The need for clean, sustainable energy has led the power industry towards inverter-based resources (IBRs). The portfolio of electric power generation in the United States is shown in Figure 2. The significant sources of clean electric power are nuclear (19.7%), hydro (6.6%), wind (7.3%), and solar (1.8%). Nuclear and hydro are rotating machinery, whereas wind and solar are IBRs, the focus of this article.

To better characterize the impact of limited negative sequence current (I2) injection from IBR’s on transmission line protection, The North American Electric Reliability Corporation (NERC) initiated a study which was led by Sandia National Laboratories.

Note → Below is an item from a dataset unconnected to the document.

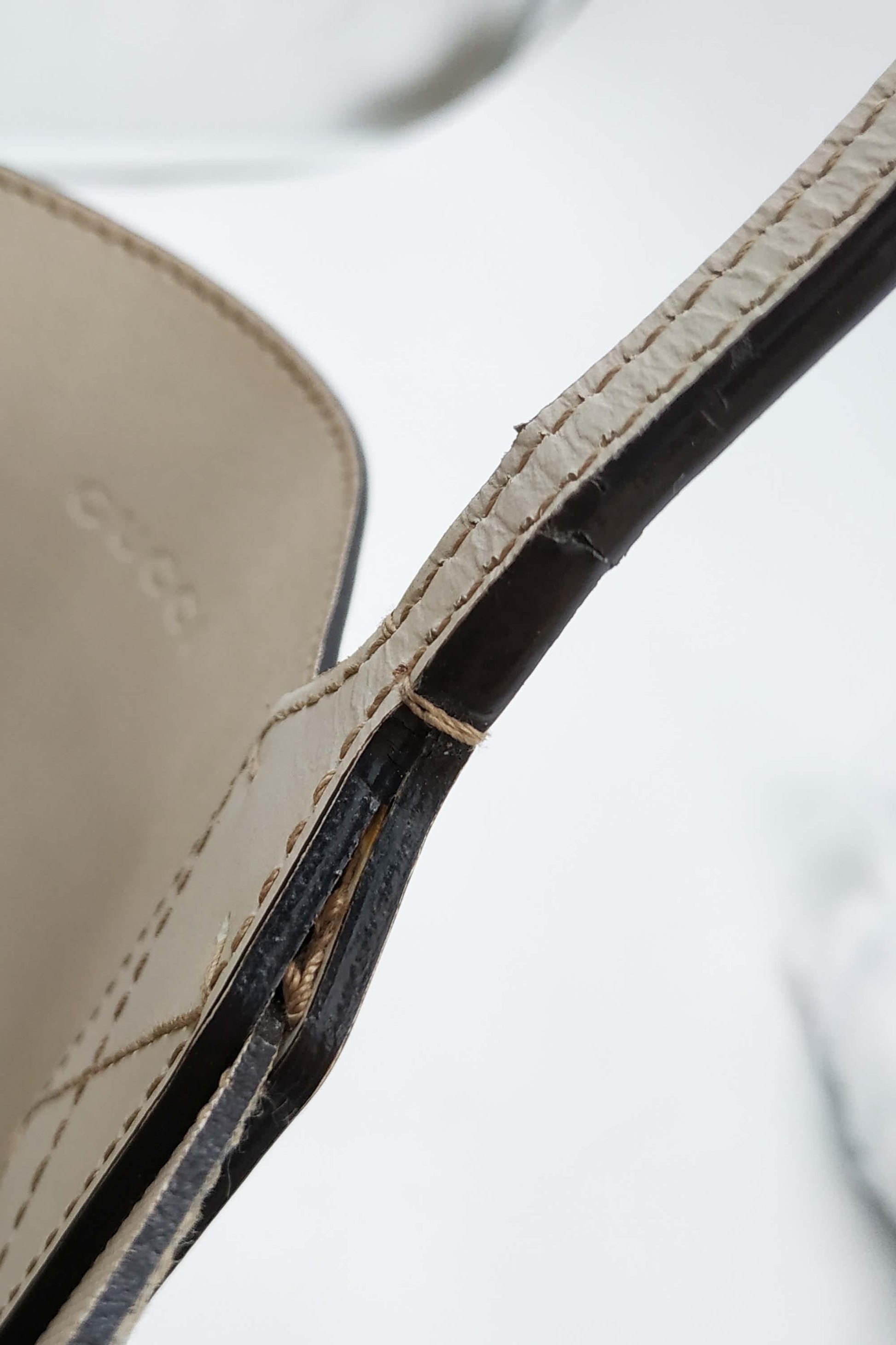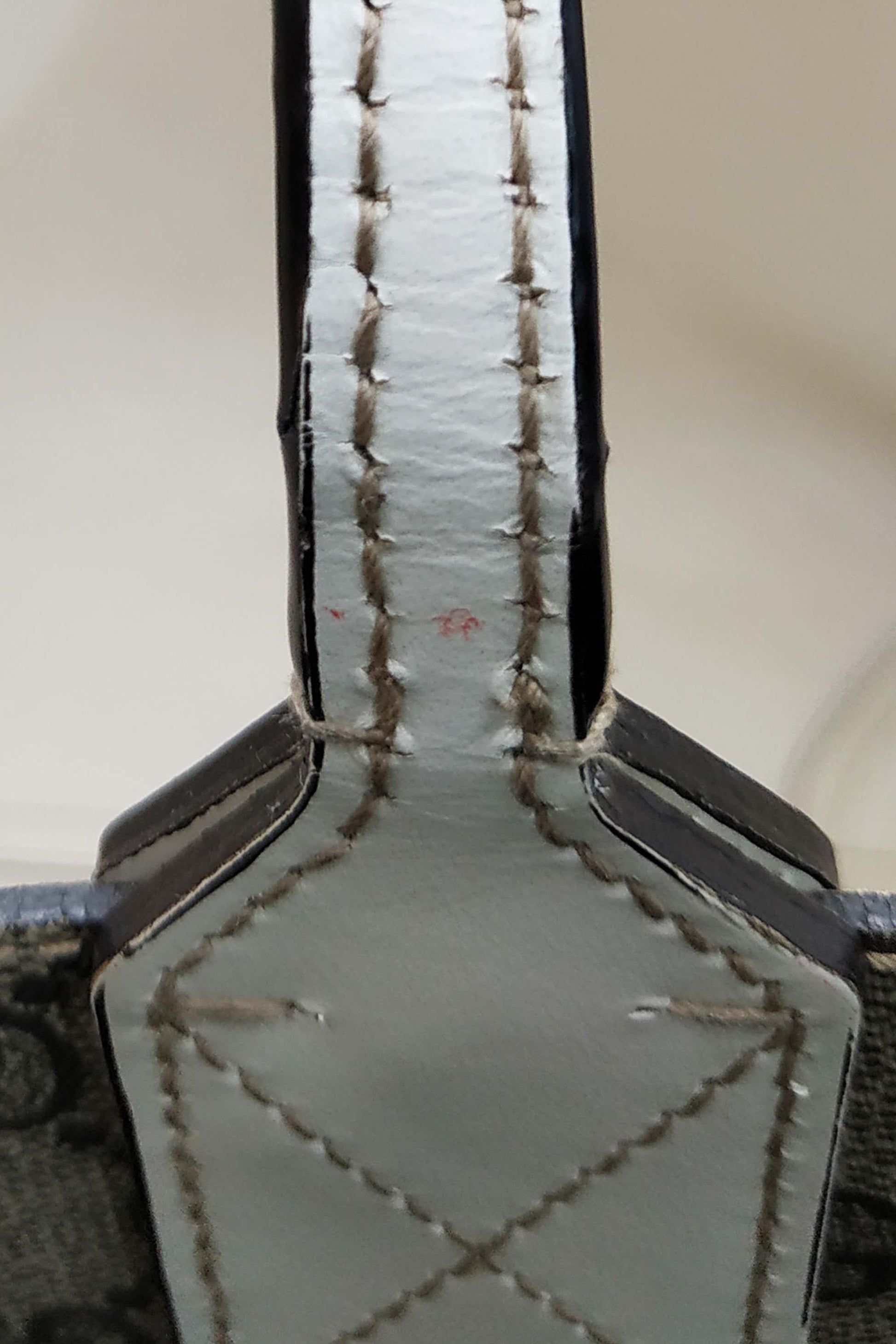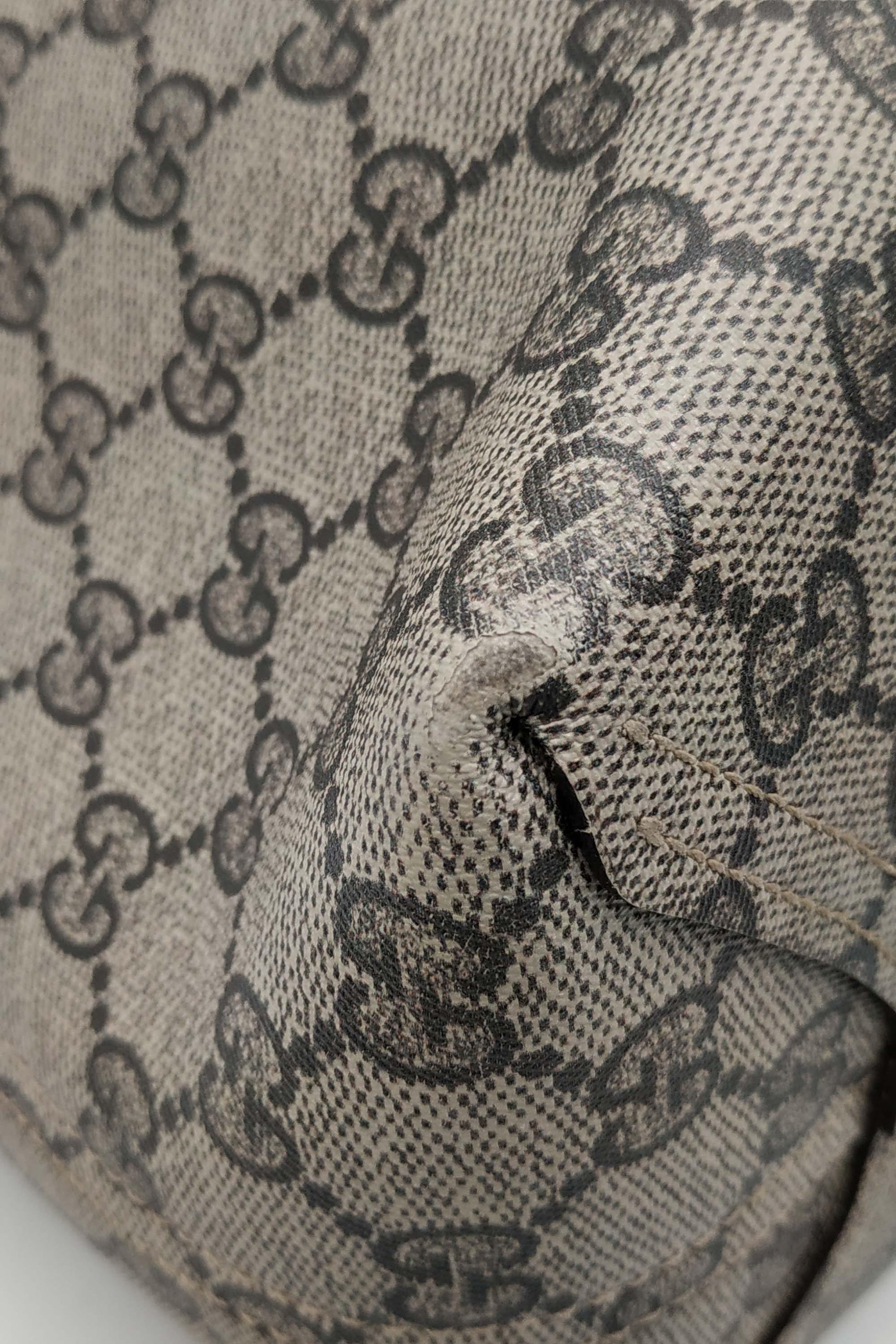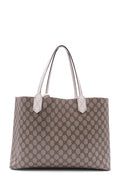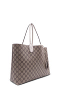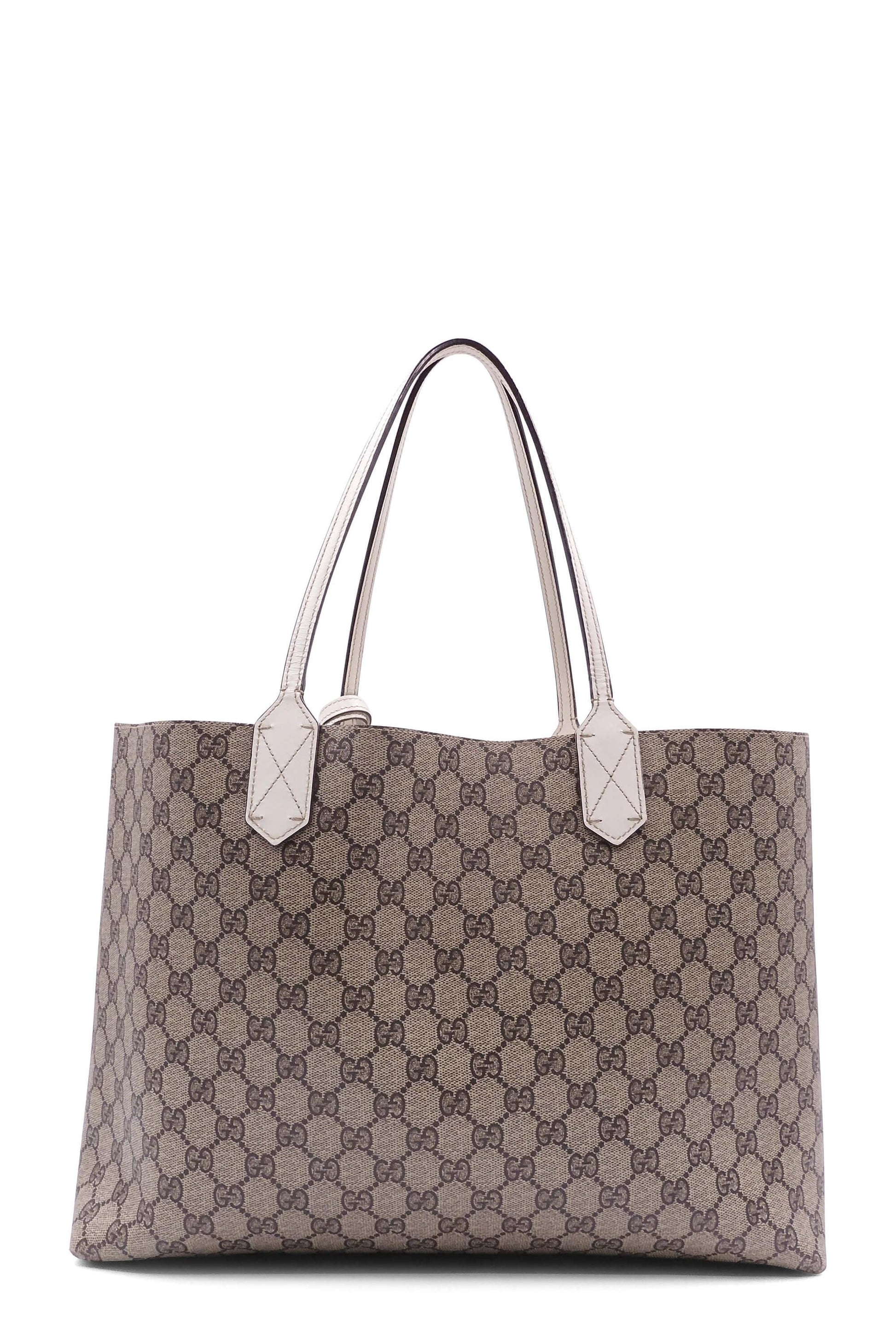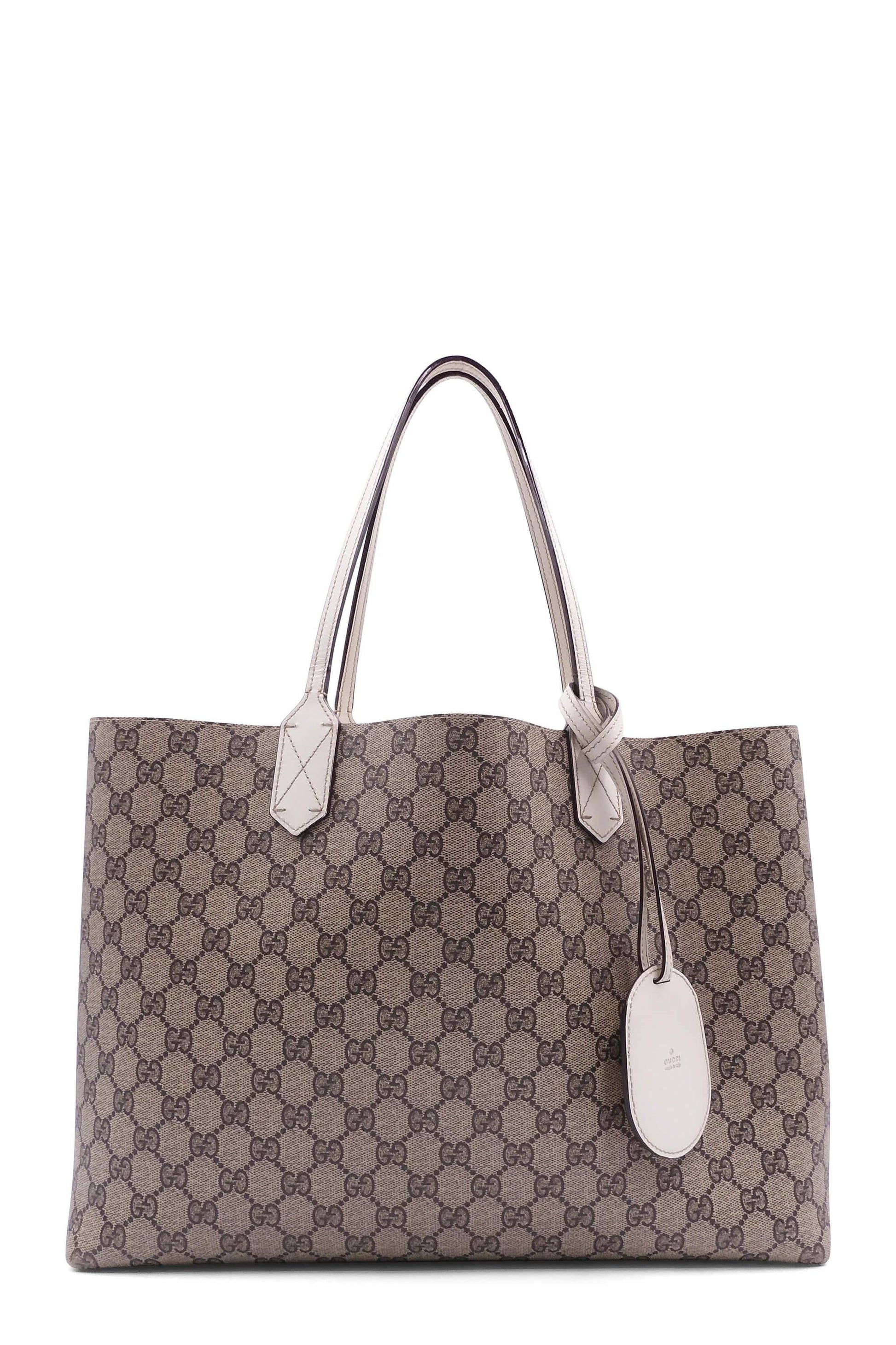 This stylish tote is crafted of classic Gucci GG monogram coated canvas. The shoulder bag features white leather strap top handles. The broad top opens to a reversible white textured calfskin interior that is spacious enough for your daytime essentials with the sophisticated style of Gucci.

There was collaboration from four IBR manufacturers (OEMs) who provided “real-code” black-box electromagnetic transient (EMT) models comprising a mix of Type 3 and 4 wind turbine generators (WTG), and photovoltaic (PV) Solar. These models represent actual firmware deployed in the field, wrapped in an appropriate wrapper for use in EMT programs, allowing creation of COMTRADE records. Two North American relay manufacturers then played back the COMTRADE records through their relays.

One aim of this study was to understand what deterministic and standardized behavior from IBRs would benefit protection system performance. Countries such as Germany and Australia have seen rapid penetration of IBRs and have already standardized the general requirements of injected currents from IBRs.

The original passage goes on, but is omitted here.